▶ _Work task_: Your copy begins at the line with "0.11 ct. Diamond" and runs through the end of the data below. Set down only those lines exactly, without pictures.

▶ _Material provided_:
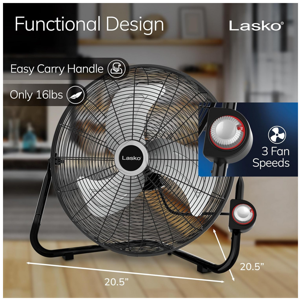 Apresentamos o Ventilador Lasko 20″, um ventilador de alta velocidade que combina versatilidade e potência para oferecer o melhor desempenho em resfriamento. Com um design robusto e funcionalidades práticas, ele é a escolha ideal para garagens, porões, academias e muito mais.
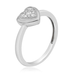 0.11 ct. Diamond 14K White Gold Micro Prong Setting Heart Cluster Ring
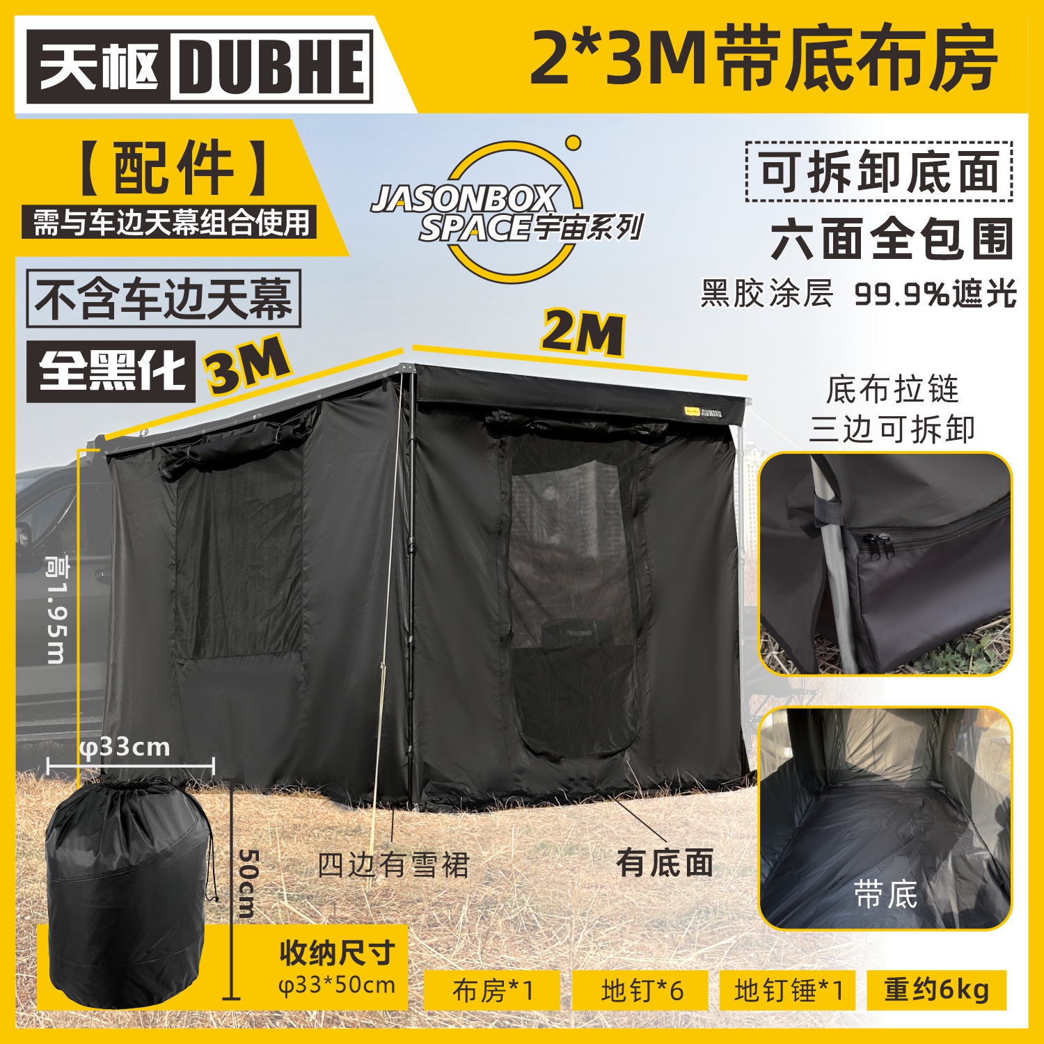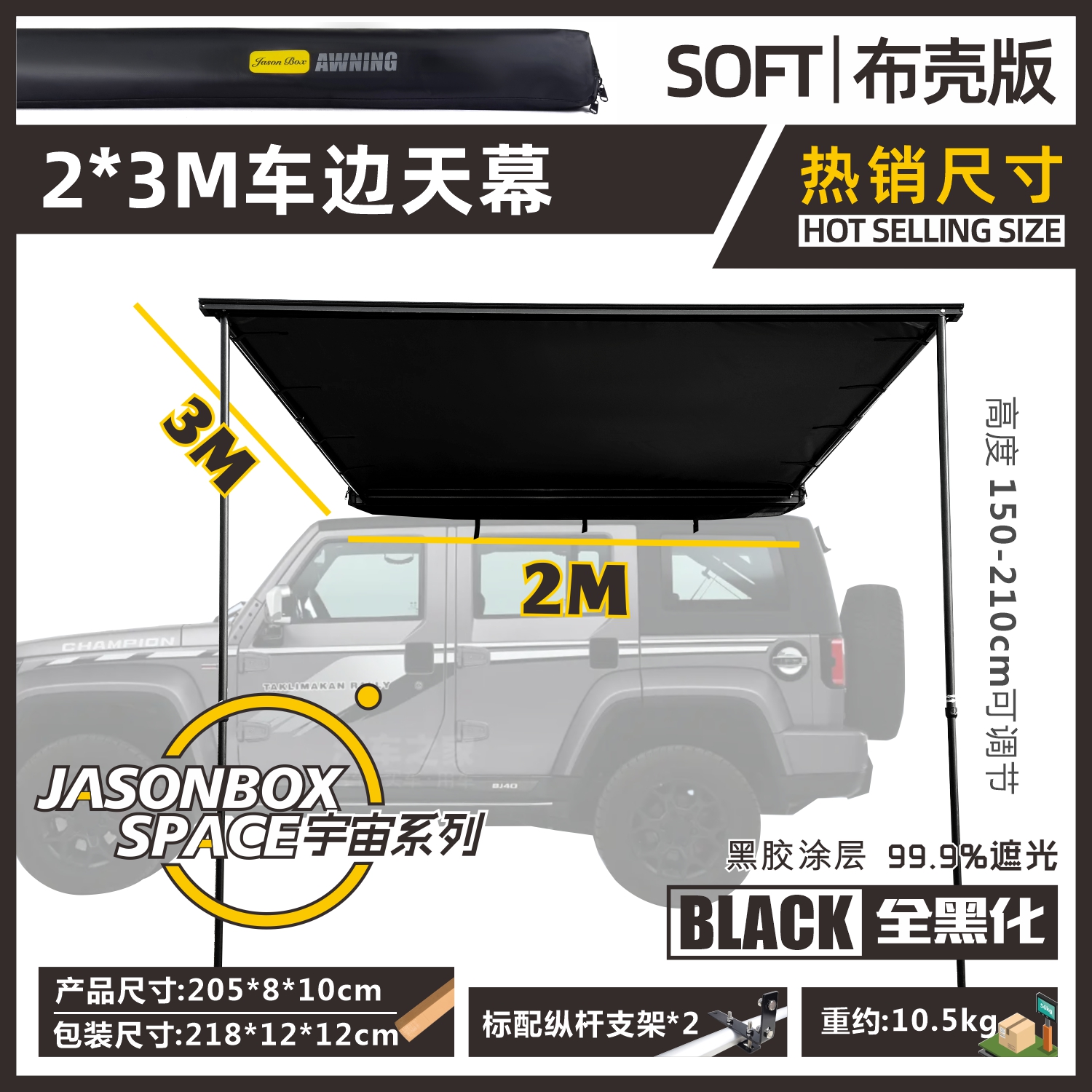 [Полностью черный тканевый корпус] Боковой навес автомобиля 2*3 м

▶ _Written solution_:
 0.11 ct. Diamond 14K White Gold Micro Prong Setting Heart Cluster Ring
 [Полностью черный тканевый корпус] Боковой навес автомобиля 2*3 м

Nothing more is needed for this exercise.